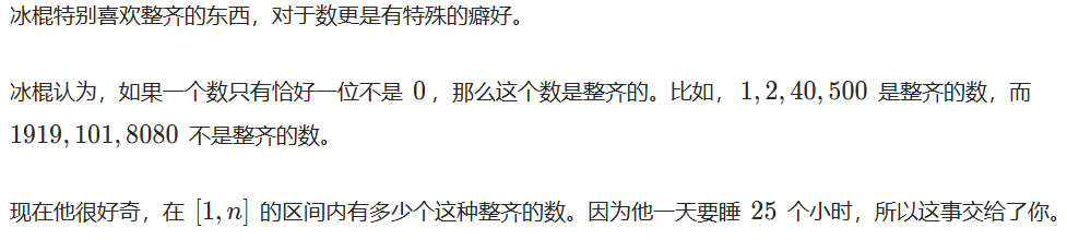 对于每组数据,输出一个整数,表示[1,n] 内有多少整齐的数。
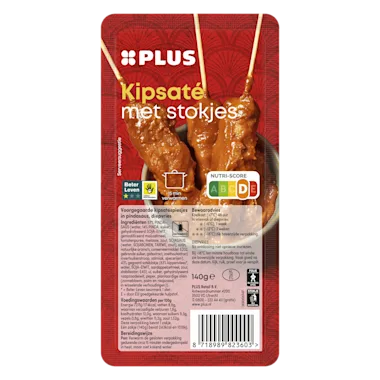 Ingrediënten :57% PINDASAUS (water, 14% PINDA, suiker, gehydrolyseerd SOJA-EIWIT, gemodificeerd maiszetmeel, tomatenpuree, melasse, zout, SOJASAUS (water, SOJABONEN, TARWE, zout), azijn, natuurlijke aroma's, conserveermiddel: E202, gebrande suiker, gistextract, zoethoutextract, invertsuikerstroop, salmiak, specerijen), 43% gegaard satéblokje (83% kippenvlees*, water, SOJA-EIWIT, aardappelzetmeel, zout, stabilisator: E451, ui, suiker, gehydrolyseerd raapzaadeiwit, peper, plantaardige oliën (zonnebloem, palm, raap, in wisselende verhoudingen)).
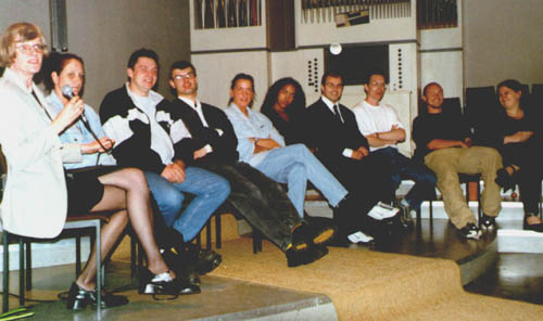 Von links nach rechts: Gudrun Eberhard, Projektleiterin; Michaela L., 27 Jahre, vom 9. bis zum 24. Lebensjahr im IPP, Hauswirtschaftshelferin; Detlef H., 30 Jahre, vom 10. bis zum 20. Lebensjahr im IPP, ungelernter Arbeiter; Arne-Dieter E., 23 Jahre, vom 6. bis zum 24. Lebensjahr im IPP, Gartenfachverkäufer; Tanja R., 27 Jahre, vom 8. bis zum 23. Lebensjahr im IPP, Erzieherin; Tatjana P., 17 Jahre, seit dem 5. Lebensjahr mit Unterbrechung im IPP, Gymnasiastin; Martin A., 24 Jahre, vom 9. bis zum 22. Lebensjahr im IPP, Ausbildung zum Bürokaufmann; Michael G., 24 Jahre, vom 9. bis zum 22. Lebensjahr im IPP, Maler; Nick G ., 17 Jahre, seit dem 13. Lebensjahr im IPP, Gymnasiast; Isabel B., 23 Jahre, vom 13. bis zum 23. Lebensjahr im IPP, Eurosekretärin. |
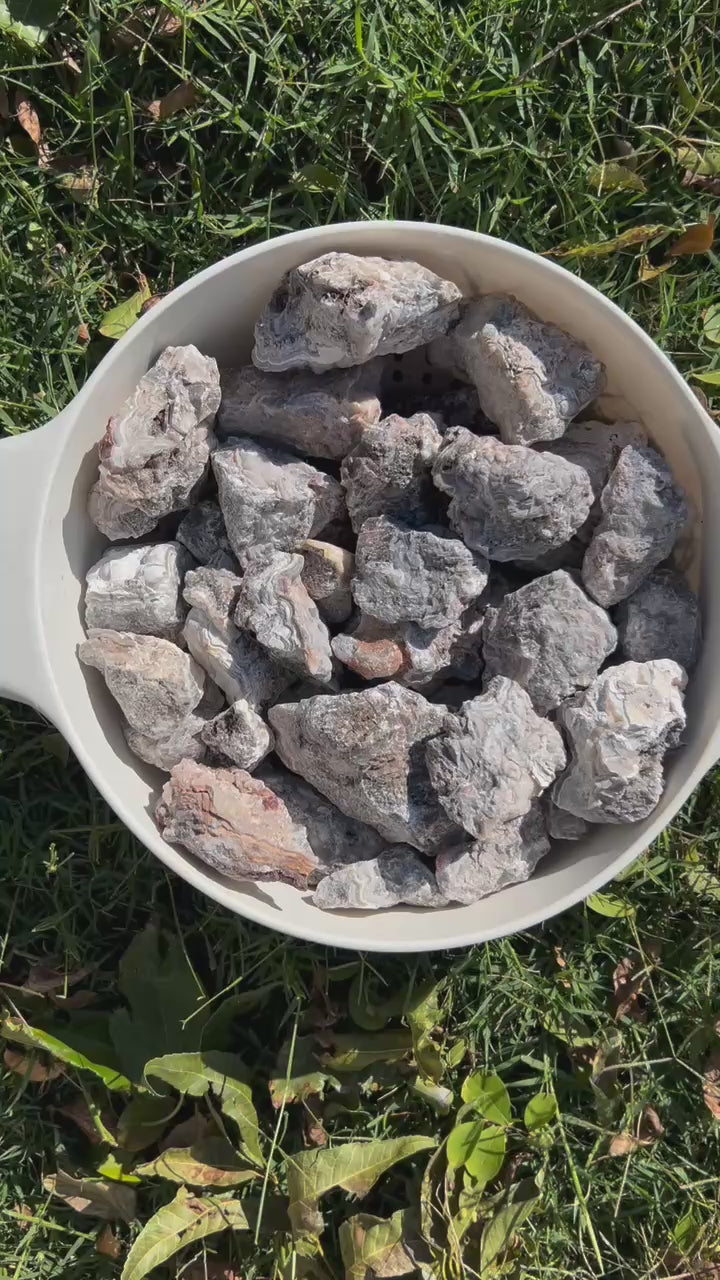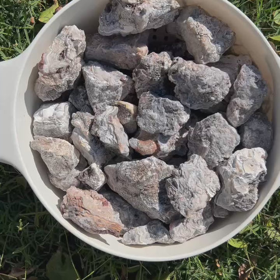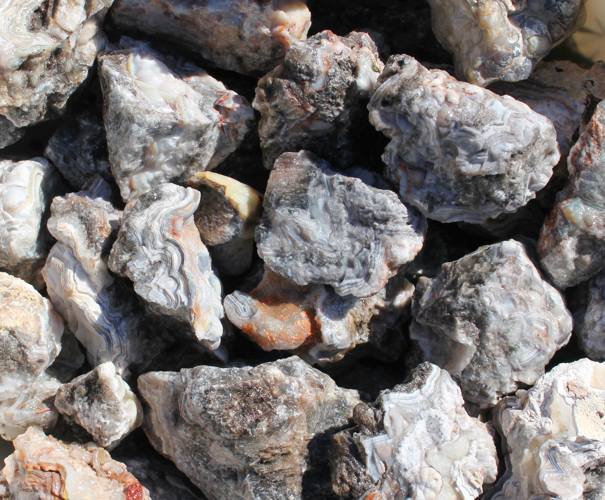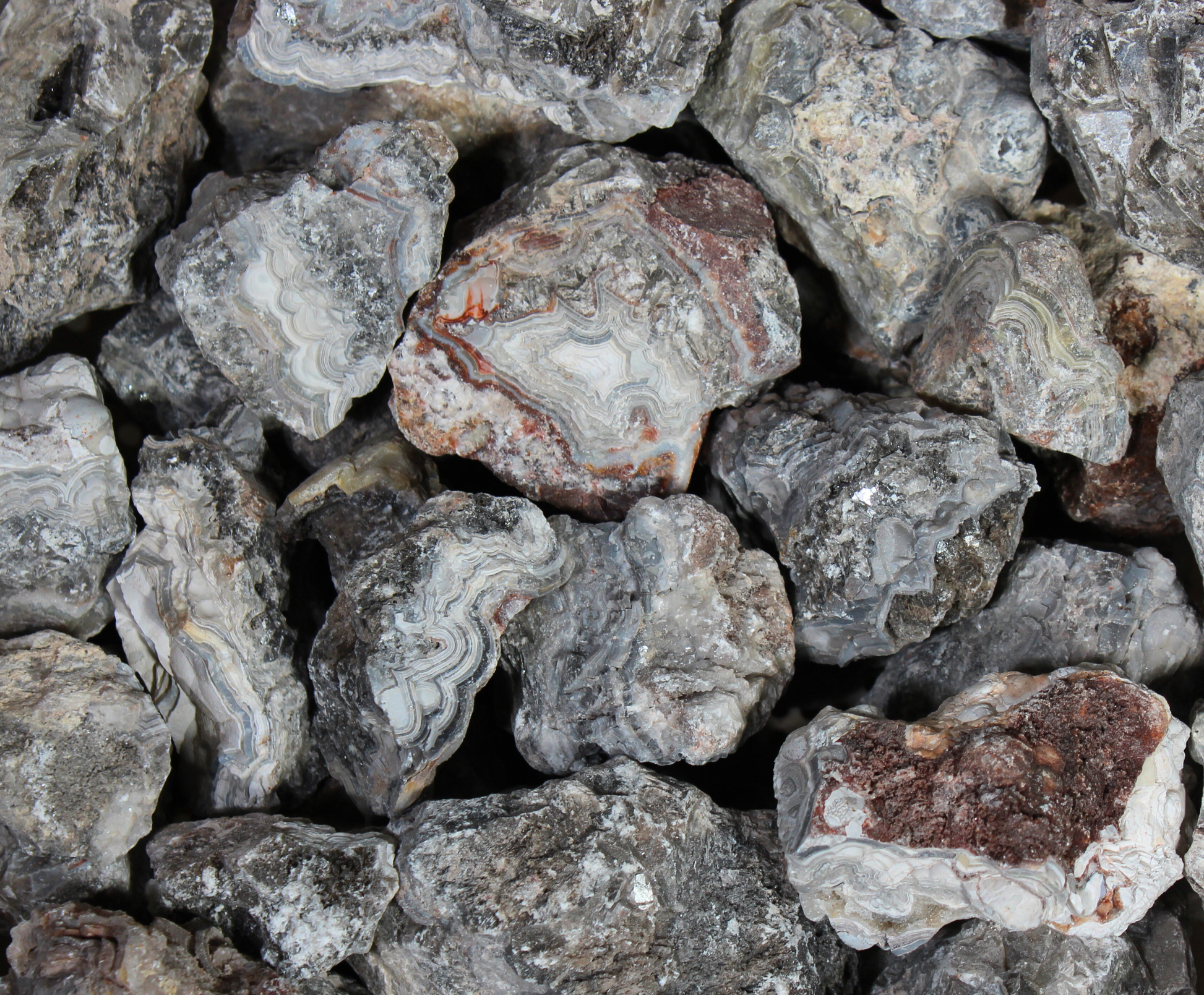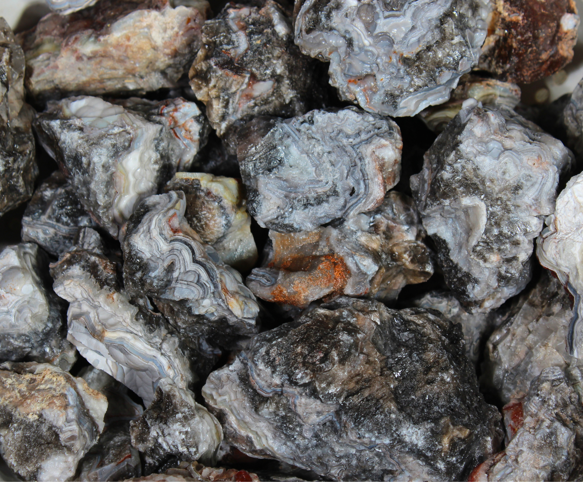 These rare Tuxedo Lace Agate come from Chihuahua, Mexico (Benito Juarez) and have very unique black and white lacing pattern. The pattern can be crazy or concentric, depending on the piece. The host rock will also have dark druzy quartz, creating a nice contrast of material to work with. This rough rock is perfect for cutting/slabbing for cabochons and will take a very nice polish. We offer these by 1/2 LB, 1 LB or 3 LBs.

**Description of the task:**
Retype the data above exactly, dropping every picture.

**Result:**
 对于每组数据,输出一个整数,表示[1,n] 内有多少整齐的数。
 Ingrediënten :57% PINDASAUS (water, 14% PINDA, suiker, gehydrolyseerd SOJA-EIWIT, gemodificeerd maiszetmeel, tomatenpuree, melasse, zout, SOJASAUS (water, SOJABONEN, TARWE, zout), azijn, natuurlijke aroma's, conserveermiddel: E202, gebrande suiker, gistextract, zoethoutextract, invertsuikerstroop, salmiak, specerijen), 43% gegaard satéblokje (83% kippenvlees*, water, SOJA-EIWIT, aardappelzetmeel, zout, stabilisator: E451, ui, suiker, gehydrolyseerd raapzaadeiwit, peper, plantaardige oliën (zonnebloem, palm, raap, in wisselende verhoudingen)).
 Von links nach rechts: Gudrun Eberhard, Projektleiterin; Michaela L., 27 Jahre, vom 9. bis zum 24. Lebensjahr im IPP, Hauswirtschaftshelferin; Detlef H., 30 Jahre, vom 10. bis zum 20. Lebensjahr im IPP, ungelernter Arbeiter; Arne-Dieter E., 23 Jahre, vom 6. bis zum 24. Lebensjahr im IPP, Gartenfachverkäufer; Tanja R., 27 Jahre, vom 8. bis zum 23. Lebensjahr im IPP, Erzieherin; Tatjana P., 17 Jahre, seit dem 5. Lebensjahr mit Unterbrechung im IPP, Gymnasiastin; Martin A., 24 Jahre, vom 9. bis zum 22. Lebensjahr im IPP, Ausbildung zum Bürokaufmann; Michael G., 24 Jahre, vom 9. bis zum 22. Lebensjahr im IPP, Maler; Nick G ., 17 Jahre, seit dem 13. Lebensjahr im IPP, Gymnasiast; Isabel B., 23 Jahre, vom 13. bis zum 23. Lebensjahr im IPP, Eurosekretärin. |
 These rare Tuxedo Lace Agate come from Chihuahua, Mexico (Benito Juarez) and have very unique black and white lacing pattern. The pattern can be crazy or concentric, depending on the piece. The host rock will also have dark druzy quartz, creating a nice contrast of material to work with. This rough rock is perfect for cutting/slabbing for cabochons and will take a very nice polish. We offer these by 1/2 LB, 1 LB or 3 LBs.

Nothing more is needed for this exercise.